■ What is needed ■
Reproduce each entry exactly as it reads. Leave the images out.
:::::
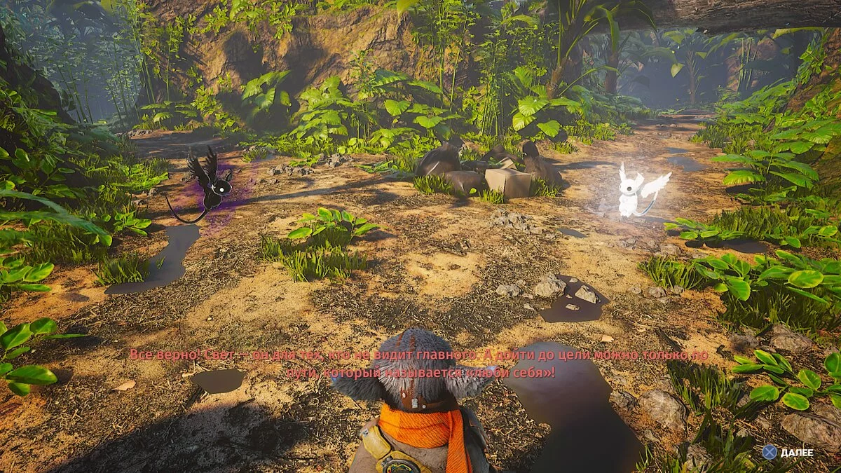 Идите по правой тропинке. Вы попадете на поляну, где появится первое задание — необходимо осмотреть кнозла (местное ездовое животное).
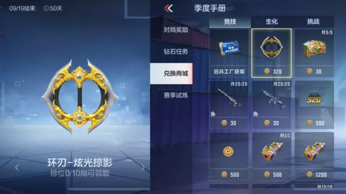 本赛季进行10把排位赛即可直接免费获得环刃-炫光掠影,当然,你也可以选择在季度手册中使用320排位币兑换,随后使用2025赛季武器通用觉醒石即可将其觉醒。
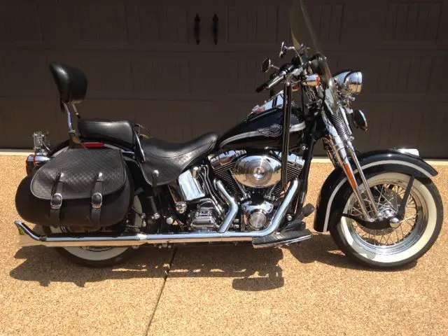 you bidding on a one owner 2003 "100th anniversary edition" heritage springer with only 21. 00 miles in excellant condition. it has all the books and has a trickle charger. it has a "fish fin" pipes that sound so sweet!!!. it is covered in chrome accessories. runs perfect and needs nothing!!. just ride and smile!!!. please look at all the pictures closely and bid with confidence. of course the bike is out of factory warranty and is sold as is. buyer is resposible for shipping and pick up. A $500 deposit is required thur pay pal within 48 hours after purchase
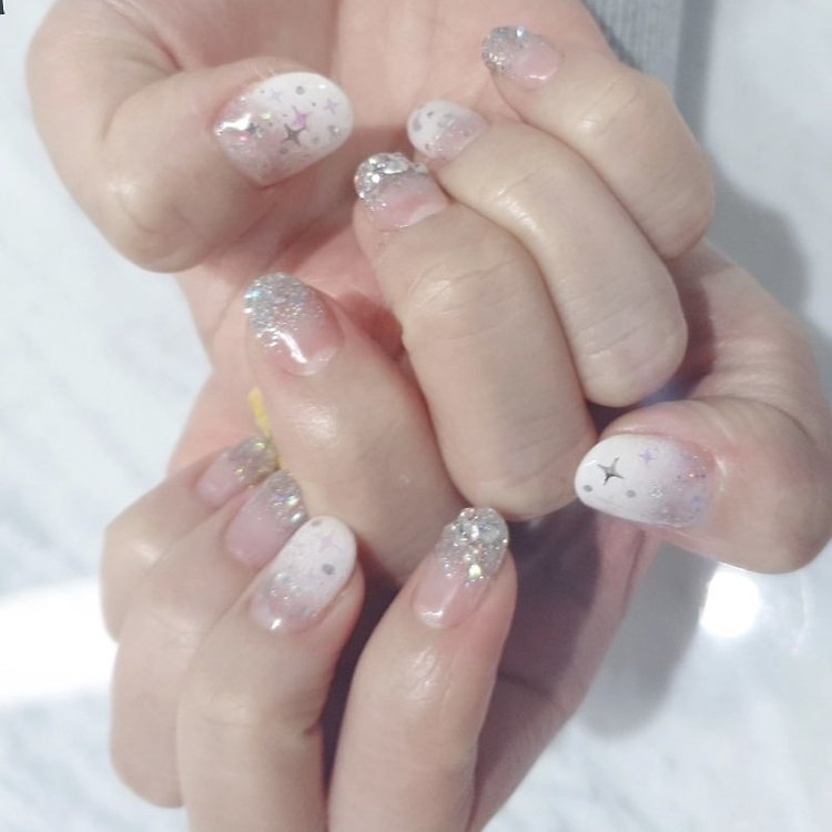 시럼컬러와 펄을 사용하여 그라데이션을 주고 글리터로 포인트로 시술한 아트
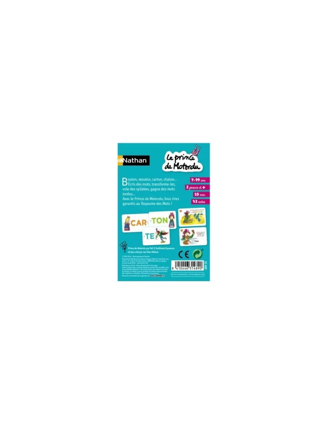 Découvrez le jeu de cartes le prince de Motordu de Nathan, un jeu éducatif pour s’amuser avec les syllabes et les mots à partir de 7 ans.
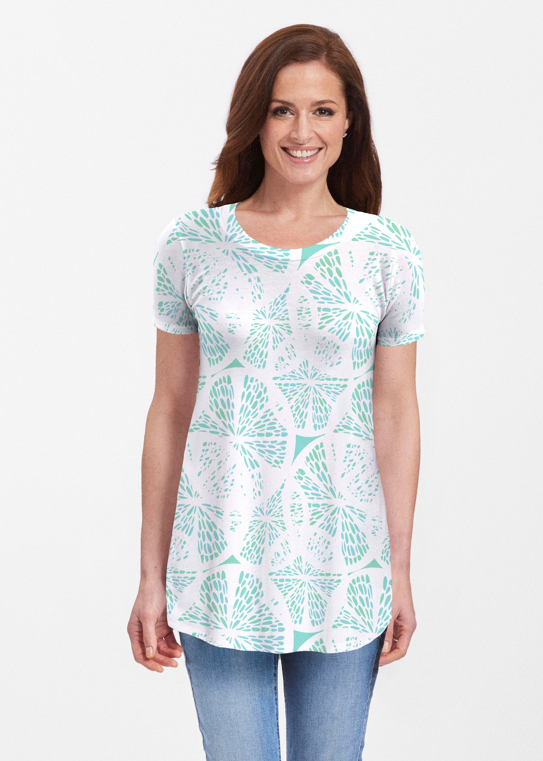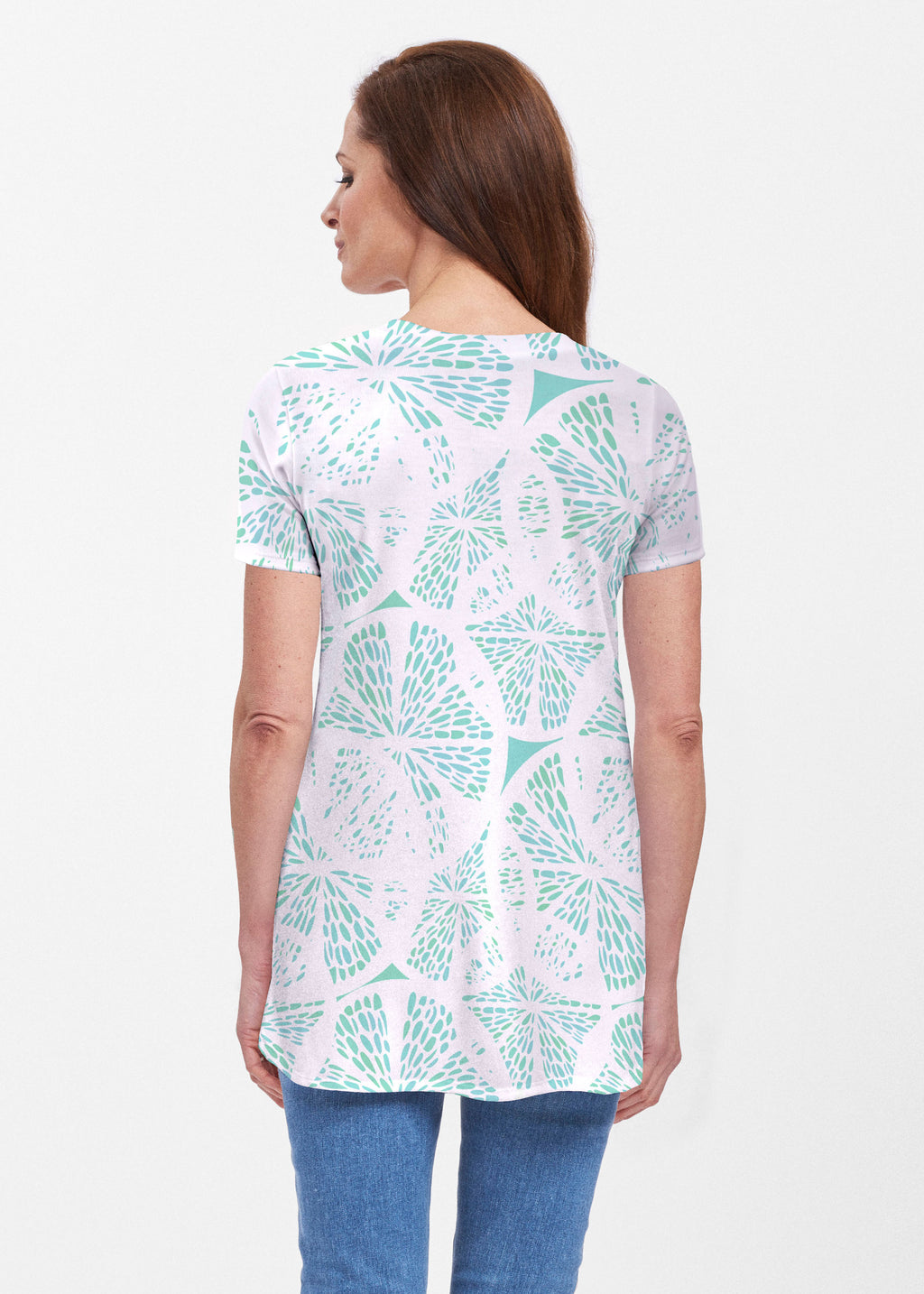 Our soft and feminine short sleeve silhouette tunic is sure to flatter any figure. Made in our Butterknit fabic that flows into a relaxed curved hem that is slightly longer in the back with subtle side slits.
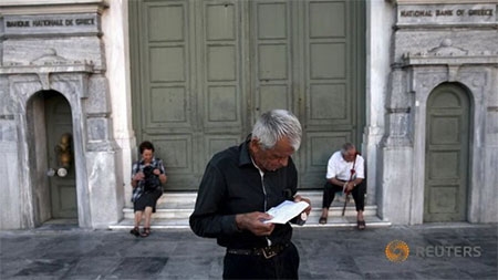 Người dân chờ nhận lương hưu tại chi nhánh Ngân hàng quốc gia ở Athens Ảnh: Reuters |
:::::
■ Exercise response ■
 Идите по правой тропинке. Вы попадете на поляну, где появится первое задание — необходимо осмотреть кнозла (местное ездовое животное).
 本赛季进行10把排位赛即可直接免费获得环刃-炫光掠影,当然,你也可以选择在季度手册中使用320排位币兑换,随后使用2025赛季武器通用觉醒石即可将其觉醒。
 you bidding on a one owner 2003 "100th anniversary edition" heritage springer with only 21. 00 miles in excellant condition. it has all the books and has a trickle charger. it has a "fish fin" pipes that sound so sweet!!!. it is covered in chrome accessories. runs perfect and needs nothing!!. just ride and smile!!!. please look at all the pictures closely and bid with confidence. of course the bike is out of factory warranty and is sold as is. buyer is resposible for shipping and pick up. A $500 deposit is required thur pay pal within 48 hours after purchase
 시럼컬러와 펄을 사용하여 그라데이션을 주고 글리터로 포인트로 시술한 아트
 Découvrez le jeu de cartes le prince de Motordu de Nathan, un jeu éducatif pour s’amuser avec les syllabes et les mots à partir de 7 ans.
 Our soft and feminine short sleeve silhouette tunic is sure to flatter any figure. Made in our Butterknit fabic that flows into a relaxed curved hem that is slightly longer in the back with subtle side slits.
 Người dân chờ nhận lương hưu tại chi nhánh Ngân hàng quốc gia ở Athens Ảnh: Reuters |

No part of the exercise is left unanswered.